::: Data provided :::
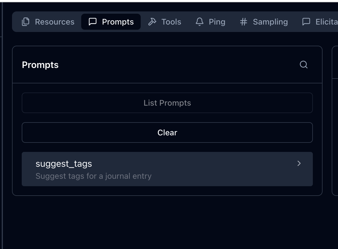 그렇기 때문에 좋은 프롬프트를 작성하는 법을 알 필요가 없기에, MCP는 서버가 프롬프트 템플릿을 기능처럼 제공한다. 사용자는 템플릿을 선택하고 필요한 인자만 채우면 된다.
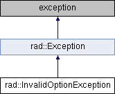 | InvalidOptionException (const InvalidOptionException &)=default | |
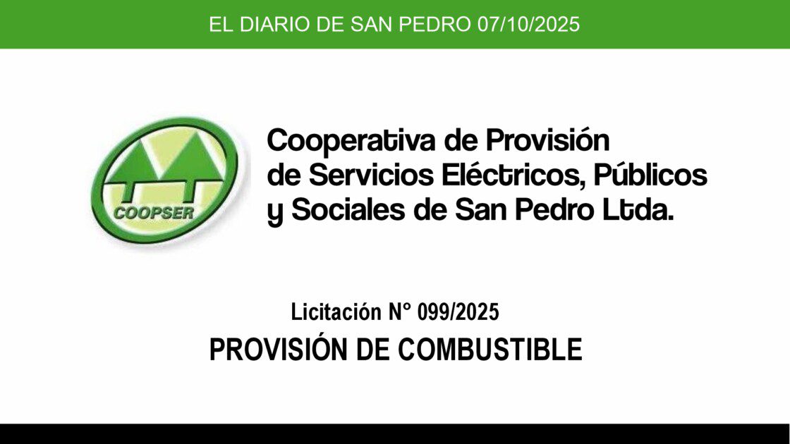 Provisión de Compresor Trifásico. Apertura: 02 de Febrero de 2026 a las 10:00 hs Informes y retiro de documentación de lunes a viernes de 7:00 a 13:00 hs. en Rómulo Naon 2499, Oficina de Compras, Obrador Coopser San Pedro o en www.coopser.com.ar . Tel 03329-431300 int 335/336
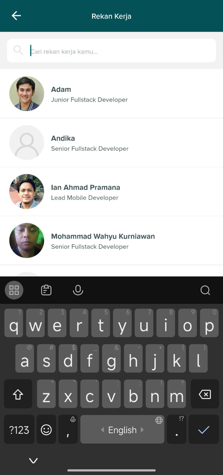 Tampilan fitur search untuk mencari rekan kerja berdasarkan nama atau kategori tertentu.
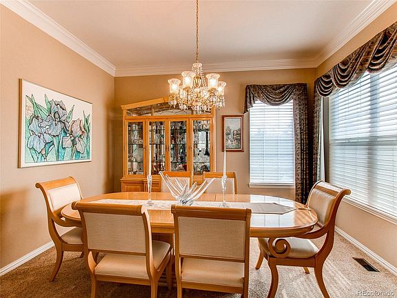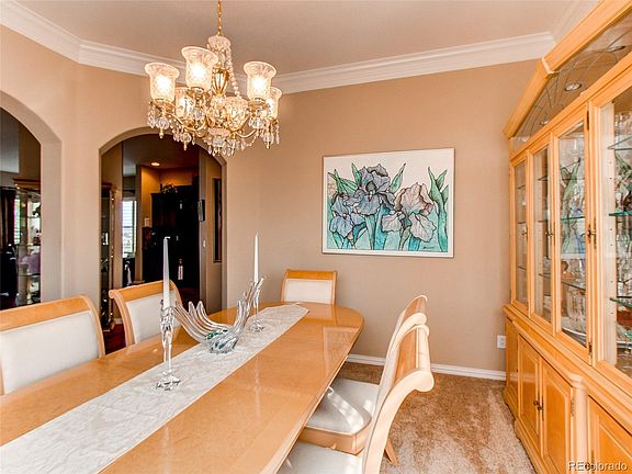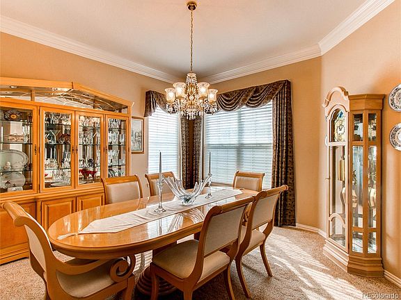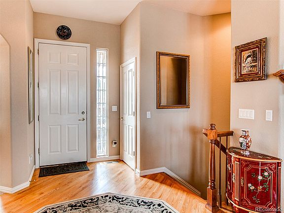 Unexpected and breathtaking expansive mountain views and sunsets are waiting for you in this main floor master home in the highly sought-after Fieldstone at Tallyn's Reach Subdivision. Mountain views from over half of the windows on the main floor, garden level and covered decks. {Wild fires have temporarily obstructed this view.} Open concept with high ceiling floor plan features Impressive hardwood floors, formal dining room with crown molding, designer light fixtures, cozy gas fireplace and plantation shutters throughout. The gourmet kitchen boasts granite counter tops, secured island, gas cooking top, quarry tile back splash, cherry wood cabinets, recessed lighting and large pantry. Relaxing main floor master retreat has amazing mountain views, beautiful powder room with quarry tile double sinks, a private soaking tub, a clear glass-enclosed shower, and a walk-in-closet. The lower garden level features the family/ entertainment room with high ceilings, recessed lighting, built in cabinets, a walkout and mountain views. The lower floor also includes two good sized bedrooms, both with a walk-in-closet, a large storage area in the mechanical room, another walk-in-closet, and a full bath in the hallway. The laundry room with washer and dryer included sits just off the exceptionally clean 3 car garage. The HOA maintains a meticulous over 12,000 S/F yard which offers the home a gorgeous curb appeal. Hail resistant roof covers the home. Community Amenities includes a pool, tennis courts, clubhouse, and parks and trails. Close to shopping, dining, golfing, entertainment, and Aurora Reservoir. The home owner has done a outstanding job of keeping this home exceptionally clean and well maintained. This home is in move-in-condition. You Do Not Want to miss this gorgeous home!!
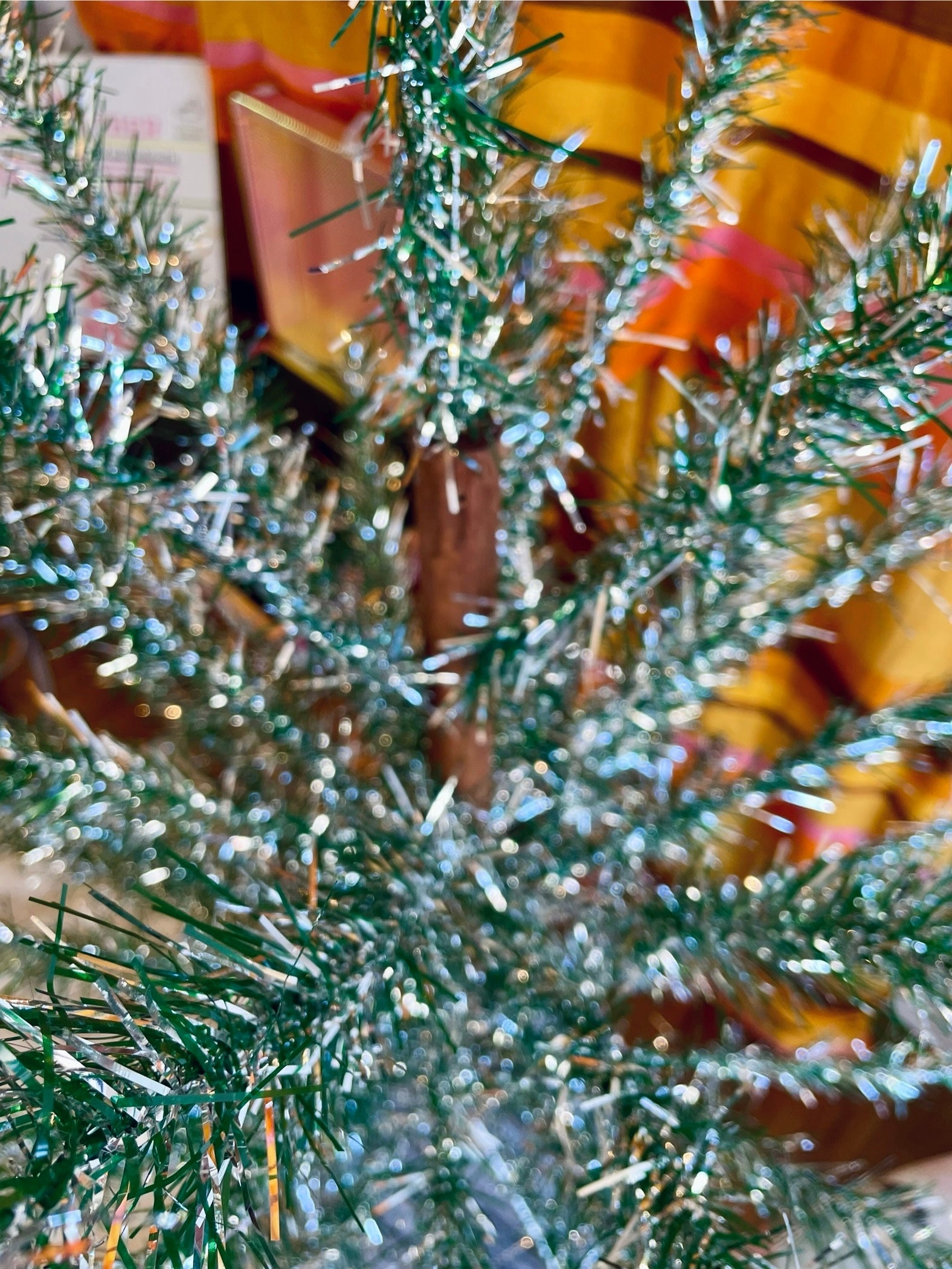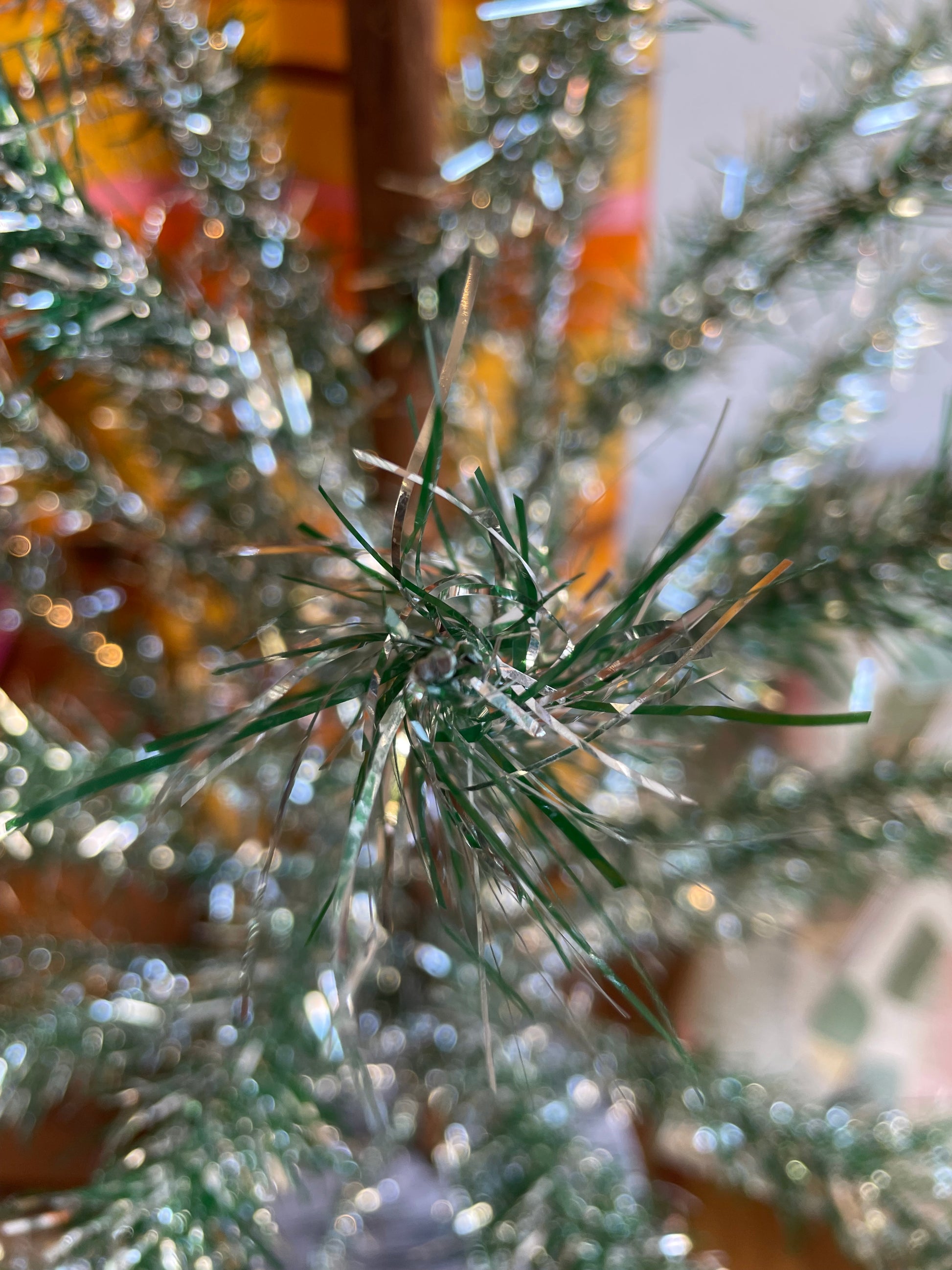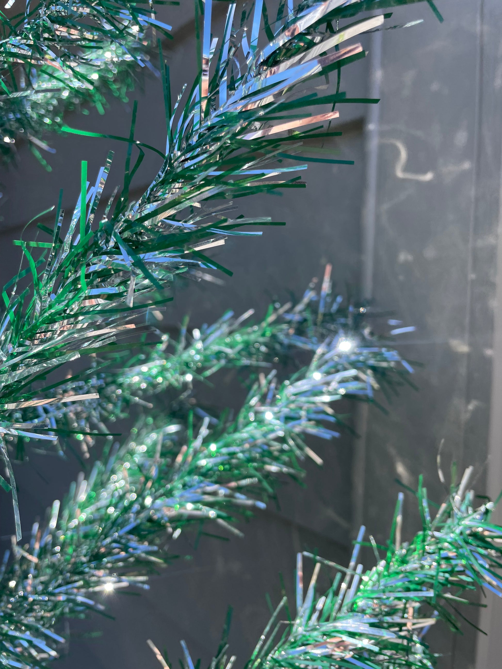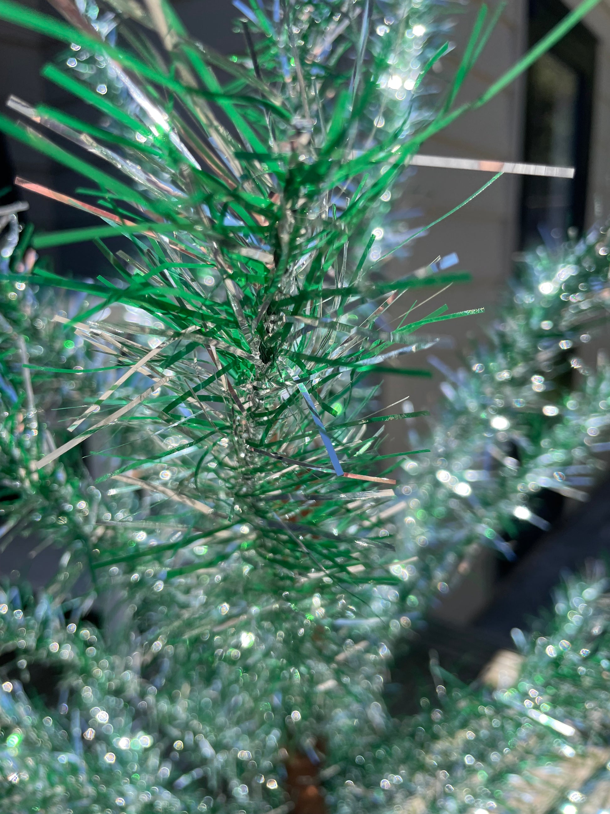 Description: Very sparkly silver and green mid-century modern Christmas tree. The tree is from New Zealand, most likely from the N.Z. Tinsel Limited Company which was established in Auckland in 1959! The branches are made of dual-colored shiny silver and green tinsel. The last few pictures were taken outside, where the green tinsel appeared much lighter in color than the inside pictured. When the sunlight hit the branches, they were so reflective and shiny!
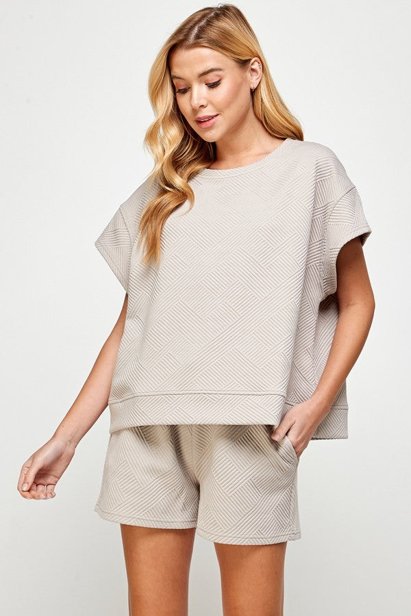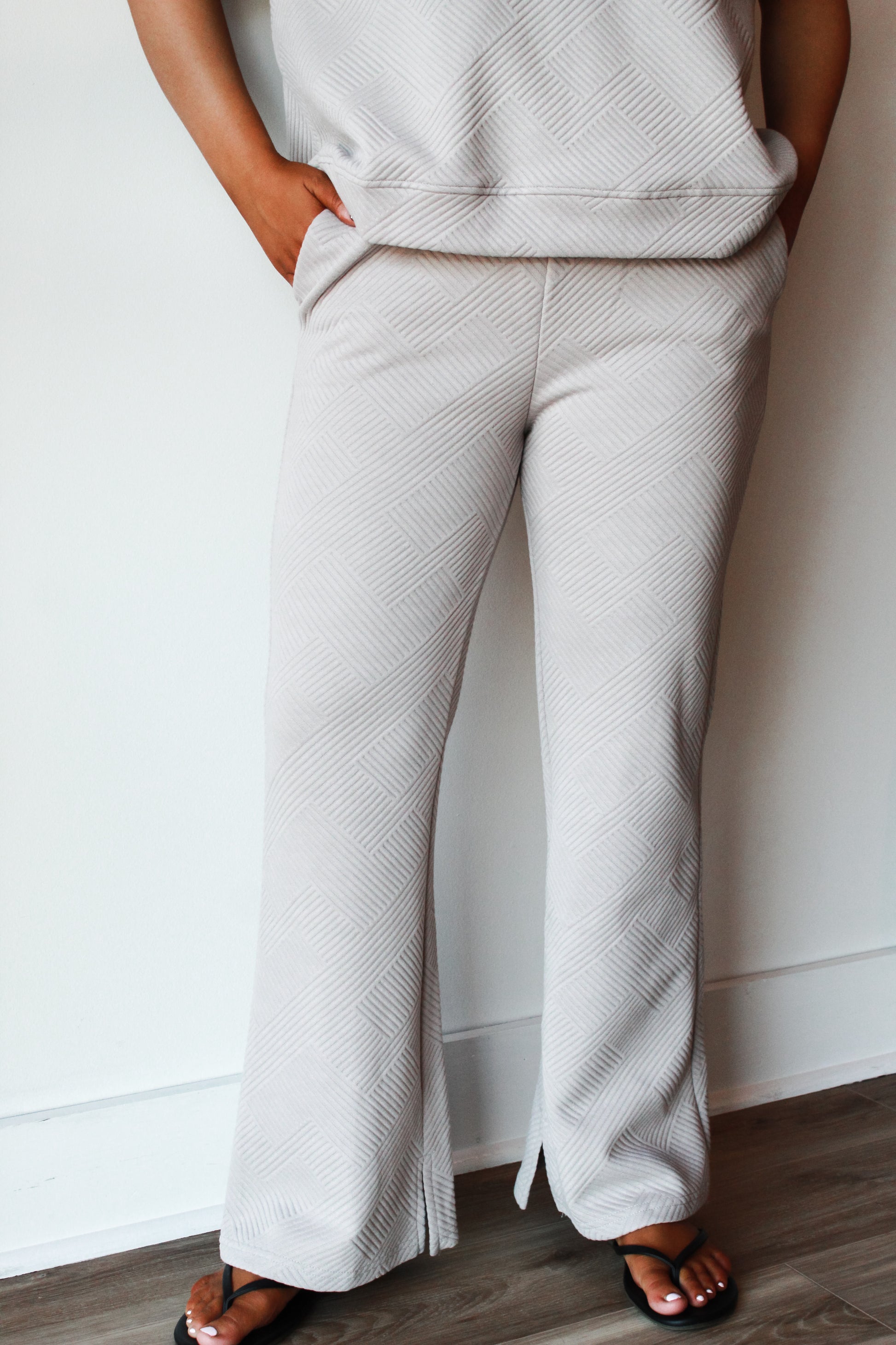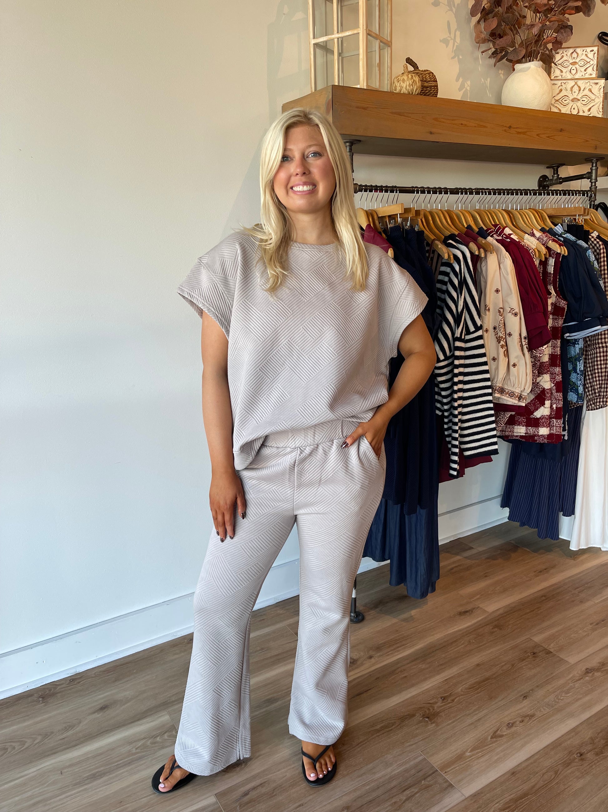 The Kaylie Set offers a sophisticated blend of comfort and style with its fitted wide-leg textured pants paired seamlessly with a textured crew neck top. Designed to flatter the silhouette while providing ease of movement, this ensemble is ideal for those seeking a polished yet relaxed look. The textured fabric adds depth and visual interest, making it a versatile choice for both professional settings and casual occasions.
:::
*Assignment*
Those lines of the records above that run from the one containing "InvalidOptionException &)=default | |" through the one containing "Tampilan fitur search" should be returned exactly, with no pictures among them.

*Completed exercise*
 | InvalidOptionException (const InvalidOptionException &)=default | |
 Provisión de Compresor Trifásico. Apertura: 02 de Febrero de 2026 a las 10:00 hs Informes y retiro de documentación de lunes a viernes de 7:00 a 13:00 hs. en Rómulo Naon 2499, Oficina de Compras, Obrador Coopser San Pedro o en www.coopser.com.ar . Tel 03329-431300 int 335/336
 Tampilan fitur search untuk mencari rekan kerja berdasarkan nama atau kategori tertentu.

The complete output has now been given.